- Born: 15 February 2010 (age 16) Tashkent

Gymnastics career
- Discipline: Rhythmic gymnastics
- Country represented: Uzbekistan (2024-present)
- Medal record
Representing Uzbekistan
Rhythmic gymnastics
Junior World Championships
| Bronze medal – third place | 2025 Sofia | Team |
Asian Junior Championships
| Gold medal – first place | 2024 Tashkent | Group All-Around |
| Gold medal – first place | 2024 Tashkent | 5 Hoops |
| Gold medal – first place | 2024 Tashkent | 10 Clubs |
| Gold medal – first place | 2025 Singapore | Group All-Around |
| Silver medal – second place | 2025 Singapore | 5 Hoops |
| Bronze medal – third place | 2025 Singapore | 10 Clubs |

= Milana Safina =

Uzbekistani rhythmic gymnast (born 2010)

Milana Safina (born 15 February 2010) is an Uzbek rhythmic gymnast. She represents Uzbekistan in international competitions.

== Biography ==
In 2023 Safina won gold with 5 hoops at the Youth Cup of Uzbekistan. In May of the following year she was selected to compete at the 2024 Asian Championships along Fatima El Sankari, Alana Khafizova, Yosina Djuraeva, Kristina Shin and Ravshana Shaabdurakhmanova, winning gold in the All-Around, with 5 hoops and with 5 clubs.

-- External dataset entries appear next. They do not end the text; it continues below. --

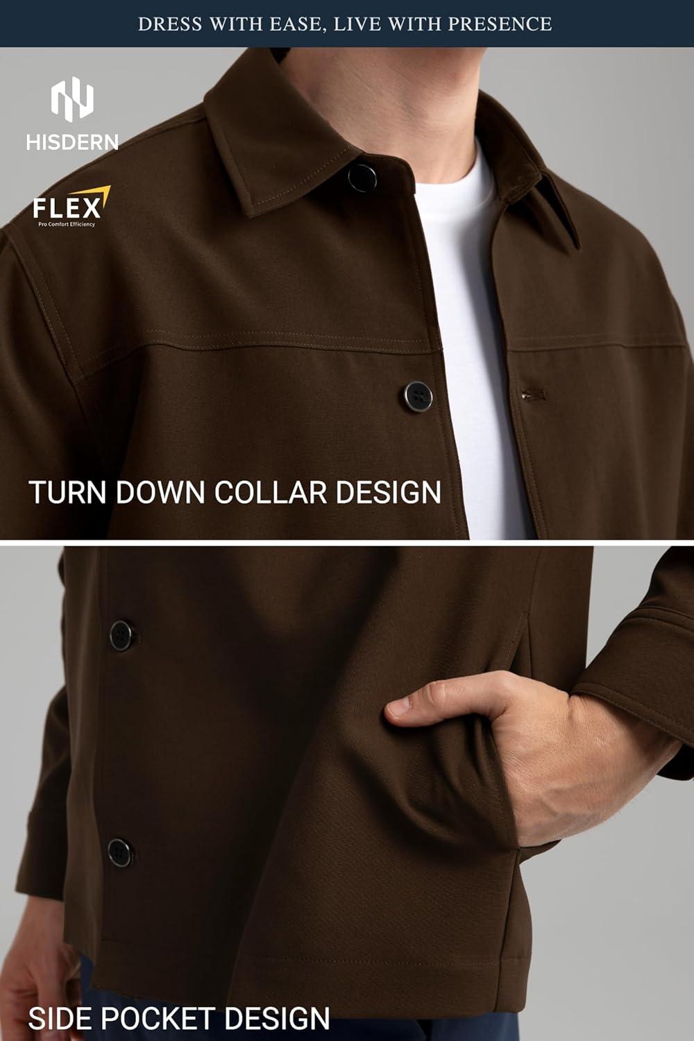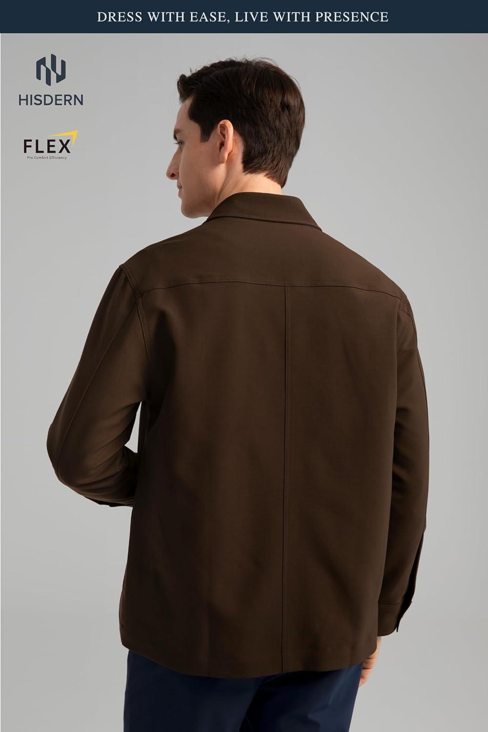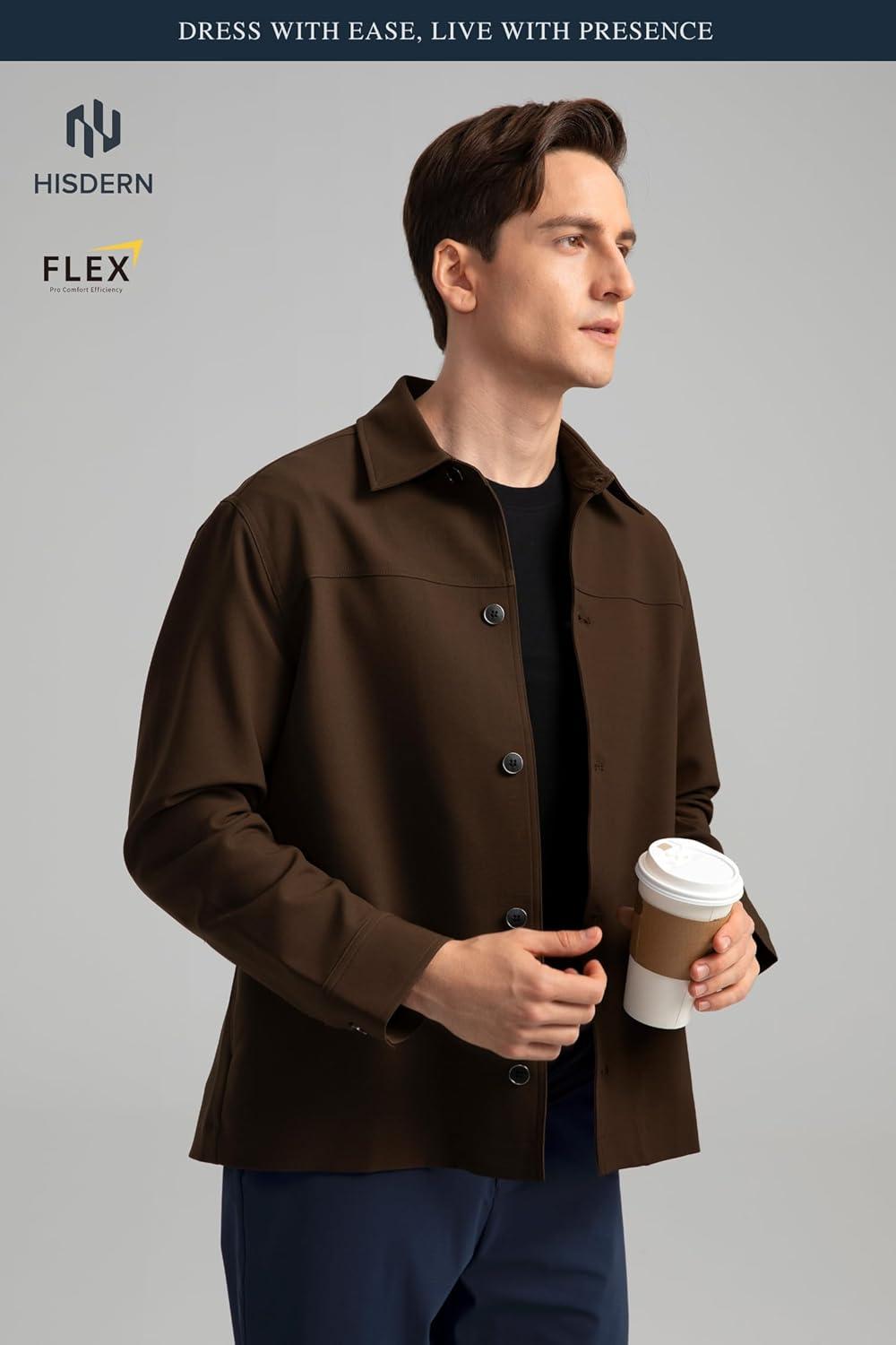 HISDERN FLEX 531 Men’s Button Down Shirt Jacket Comfy Lightweight Design for Business Casual and Social Events with Pockets(Brown)
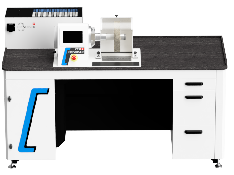 Discover the C551, a high-end polishing machine combining exceptional performance and elegant design. Featuring a user-friendly touchscreen interface, it provides an intuitive user experience. Its integrated 2.1 kW spindle motor guarantees impeccable polishing results. Versatility is in the spotlight with full compatibility of Crevoisier® tools, allowing you to adapt your workspace according to your needs. Its robust construction and careful finishes make it an ideal choice for demanding professionals. Available in modern colors (Grey RAL 7035, Black RAL 9011) with accents in Blue RAL 5015, the C551 combines aesthetics and functionality. Opt for Swiss quality in your polishing workshop with the C551.
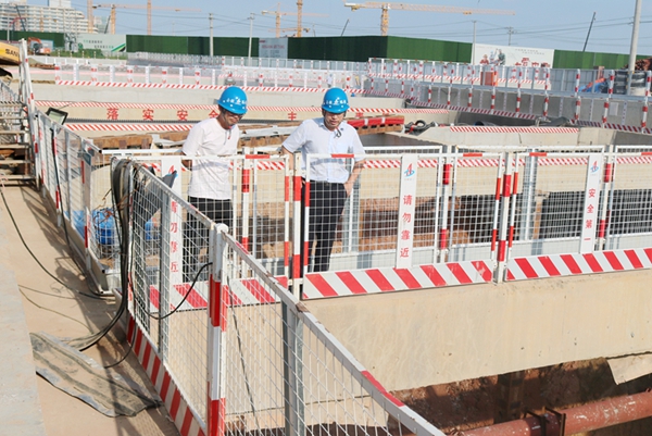 錢總先后來到長寧大道站、創(chuàng)新大道站施工現(xiàn)場,實(shí)地調(diào)研指導(dǎo)工程施工,并詳細(xì)聽取了項(xiàng)目負(fù)責(zé)人對工程進(jìn)度、安全質(zhì)量管控、盾構(gòu)掘進(jìn)施工等情況的工作匯報(bào)。錢總強(qiáng)調(diào),要提前謀劃,精心組織,控制好節(jié)點(diǎn)工期,充分發(fā)揮主觀能動性,安全優(yōu)質(zhì)高效地推進(jìn)項(xiàng)目建設(shè)。
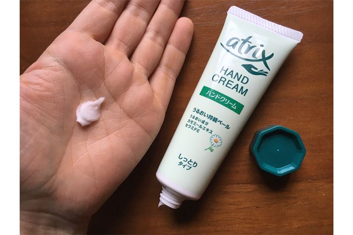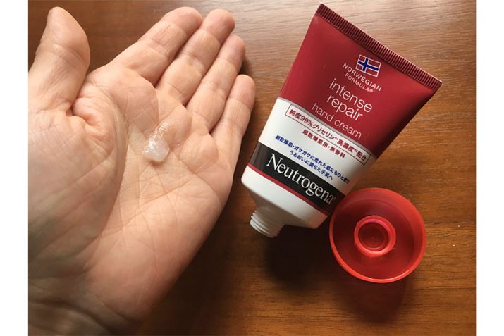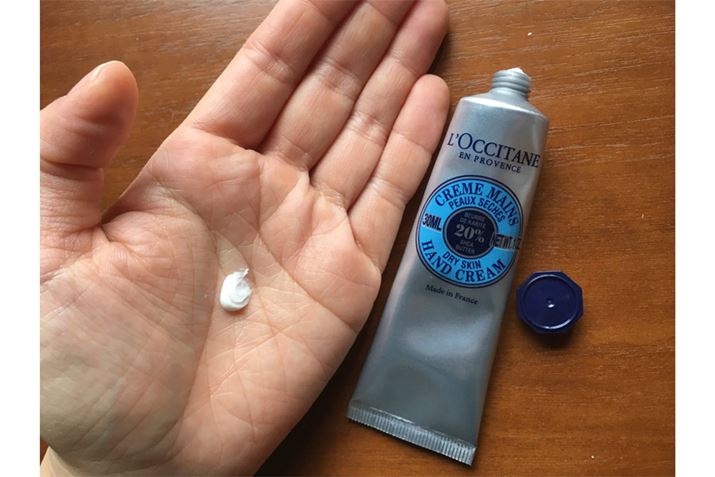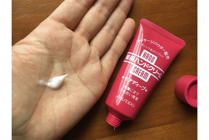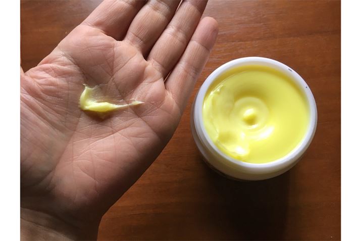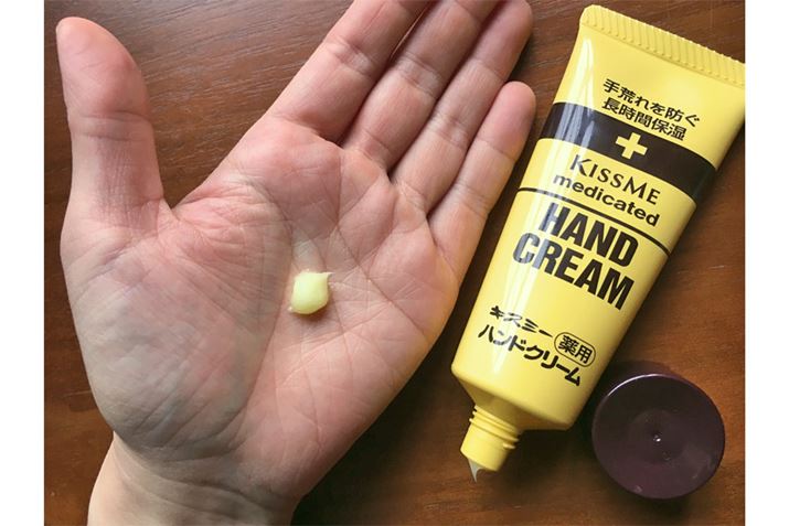 dl-カンフルという炎症を抑える成分によるスッとした香りが特徴。使った途端に人に気付かれるであろう、強い香りではあるので、お家での使用がよさそう。クリーム自体の特徴的な黄色は、ビタミンB2によるもの。あまり塗り直さなくてもしっとりが持続し、水にも強い印象でした。主婦のお供というイメージどおり、水仕事をよくする人には頼れる味方!
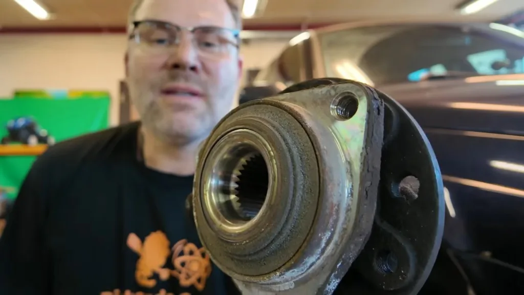 När han väl plockar bort det gamla lagret ser han att originallagret är märkt FAG, medan Biltemas del ser lite annorlunda ut på vissa punkter. Samtidigt tycker han att mycket ändå påminner om originalet. På just Saab 9-5 beskriver han dessutom jobbet som ovanligt tacksamt för den som vill skruva själv, eftersom konstruktionen gör lagret relativt lätt att byta.
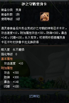 沙之守鹤变身卡属性——偏重了攻击与防御哦
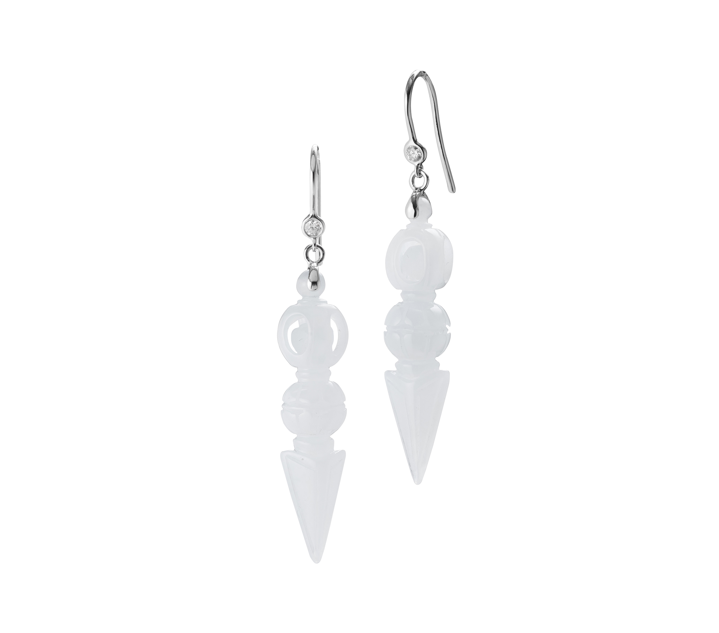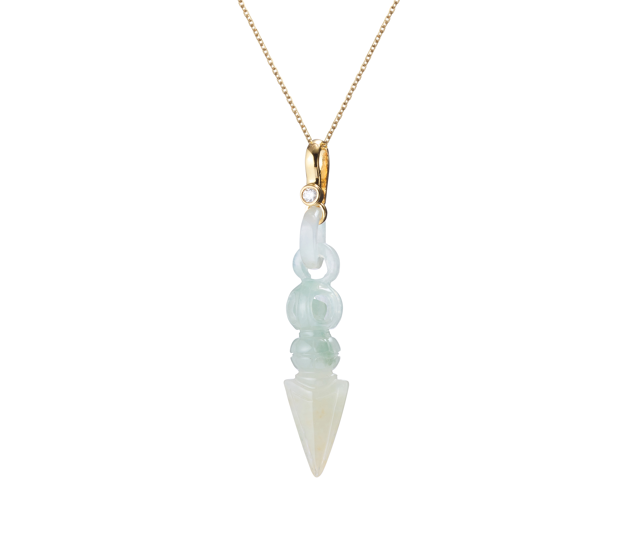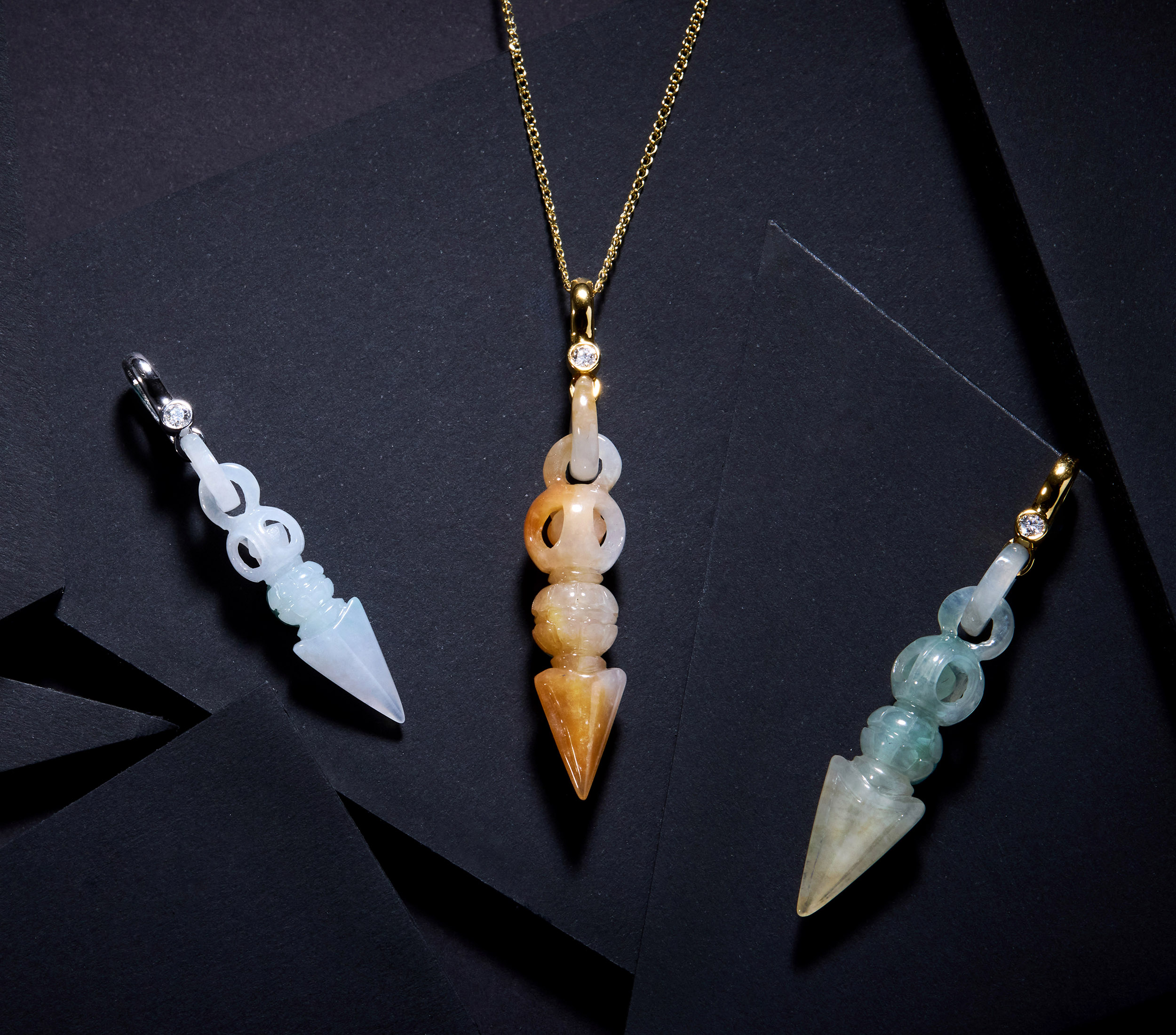 坊間常見的金剛杵與金剛橛配飾,多為銀製。JADEGIA玉世家以此二者為設計靈思,採用翡翠玉材來雕作為時尚飾物,珍貴的翡翠,硬度甚高,雕琢不易,此系列結合圓雕與透雕等玉作手藝,呈現玉環、蓮華、錐狀物之造型,層次分明,比例合度,工法細膩繁複,再襯以美鑽,透顯出難得的時尚感與人文性。

In March 2025 she won bronze overall and silver with 10 clubs at the Sofia International Cup. In early May silver in the All-Around and gold with 5 hoops at the Shining star tournament. Later she competed in the Asian Championships in Singapore, winning gold in the All-Around and in the two event finals. In late June Djuraeva was selected for the 3rd Junior World Championships in Sofia, winning bronze in teams along groupmates Alana Khafizova, Zamira Khvalcheva, Yosina Djuraeva, Kristina Shin, Jasmine Yakhlakova and individuals Viktoriya Nikiforova and Sofiya Usova.